Police say the scam is spreading across Facebook and Twitter like wildfire, and when iPhone users test out the Siri command “just for fun,” they’re actually tying up phone lines at emergency call centers.
“Calling emergency services in five seconds,” is what you’ll hear from Siri if you dial 108. And within five seconds, you will be transferred to 911.
“Don’t fall for it as it ties up emergency lines,” said Sergeant Adrian Page with the Lonoke Police Department in Arkansas in a Facebook post that has gone viral with more than 1,100 shares. “It is designed specifically as a panic code.”
The number 108 is actually the emergency services number in India. As CNET reports, Apple wanted to make it easy for people to contact emergency services from anywhere in the world, so telling Siri any country’s emergency number will connect you to the service for where you are. You could ask Siri to call 911 if you’re visiting the U.K., and it would dial 999 for local assistance.
But many people don’t realize that, and the Lonoke Police Department isn’t the only one that’s been experiencing an issue.
“This prank is already spreading among Annapolis teens and has the potential to dangerously tie up 911 phone systems preventing emergency calls from being answered quickly,” the Annapolis Police Department in Maryland said on Tuesday. “Don’t fall for this prank.”
An estimated 240 million calls are made to 911 in the U.S. each year — the majority of which are made from wireless devices, according to the National Emergency Number Association. Placing prank calls to 911 can be considered a crime.

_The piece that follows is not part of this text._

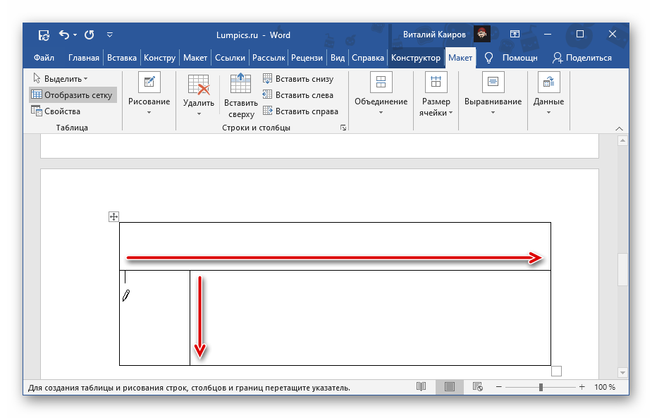 Для этого достаточно провести в ней вертикальную или горизонтальную черту (обязательно делать это строго от границы до границы и максимально ровно), в зависимости от того, требуется ли сделать строки или столбцы.

“This prank is problematic because it uses resources that are vital for others trying to receive help in real emergency situations,” the Marshall Police Department in Wisconsin warned last week. “Roughly 240 million calls are made to 911 in the United States each year and placing prank calls can be considered a crime.”
Basically, telling Siri to call 108 is not a joke, and unless you have a genuine emergency, don’t do it, police say.